> **Records shown**
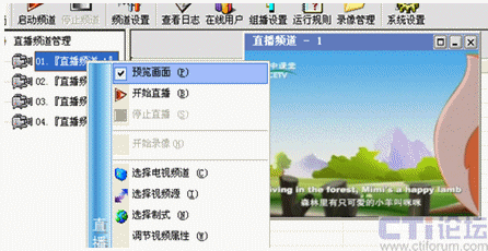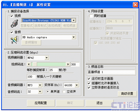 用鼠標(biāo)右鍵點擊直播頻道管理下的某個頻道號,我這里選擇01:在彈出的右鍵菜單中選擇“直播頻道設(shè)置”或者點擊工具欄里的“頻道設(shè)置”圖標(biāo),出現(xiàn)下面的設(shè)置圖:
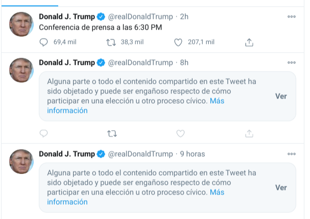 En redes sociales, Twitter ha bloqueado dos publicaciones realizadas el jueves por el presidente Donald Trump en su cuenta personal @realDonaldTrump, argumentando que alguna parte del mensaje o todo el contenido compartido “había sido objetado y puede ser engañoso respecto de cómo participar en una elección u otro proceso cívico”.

* * *

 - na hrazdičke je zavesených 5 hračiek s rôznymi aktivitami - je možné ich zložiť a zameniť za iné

> **Task statement**
In the listing above, find the line with "用鼠標(biāo)右鍵點擊直" and the line with "En redes sociales, Twitter". Set down both and every line between them, minus the pictures.

> **Exercise output**
 用鼠標(biāo)右鍵點擊直播頻道管理下的某個頻道號,我這里選擇01:在彈出的右鍵菜單中選擇“直播頻道設(shè)置”或者點擊工具欄里的“頻道設(shè)置”圖標(biāo),出現(xiàn)下面的設(shè)置圖:
 En redes sociales, Twitter ha bloqueado dos publicaciones realizadas el jueves por el presidente Donald Trump en su cuenta personal @realDonaldTrump, argumentando que alguna parte del mensaje o todo el contenido compartido “había sido objetado y puede ser engañoso respecto de cómo participar en una elección u otro proceso cívico”.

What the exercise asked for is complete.